Doni Saagali ()  is a 1998 Indian Kannada-language drama film directed by Rajendra Singh Babu. The storyline is based on the novel Vimukthe by Dr. C. N. Muktha.  The film stars Soundarya and Shashikumar.

The film was released in 1998 and met with critical appraisals. The film went to win Karnataka State Awards in 3 categories : Best Third film, best actress for Soundarya and best cinematographer for D. V. Rajaram. The film's soundtrack and score were composed by V. Manohar who also wrote the songs.

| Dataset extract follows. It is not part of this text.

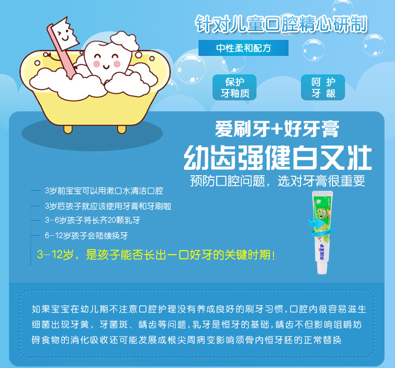 【超值装!牙膏4支牙刷2支】不怕宝宝误吞,无氟可吞咽。清洁抗菌、防蛀固齿、减少牙垢、清新口气,四种水果味,让宝宝爱上刷牙!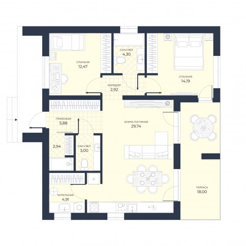 • Общая площадь 80 м2

The film was dubbed in Telugu as Mahila.

Cast
 Shashikumar
 Soundarya
 Girish Shetty
 Siddharth
 Suman Nagarkar
 Mynavathi
 Shankar Ashwath
 Harish Raj
 Shanthamma
 Tennis Krishna

Soundtrack

Reception
The Hindu wrote "The story follows such a natural course that one can almost predict what is coming next. The lack of tautness in narrative adds to the flab. The film falls flat, lacking the sensitivity needed for a story like this. “Doni Saagali” turns out to be a mushy film like many of its kind with little to differentiate it from the ordinary." 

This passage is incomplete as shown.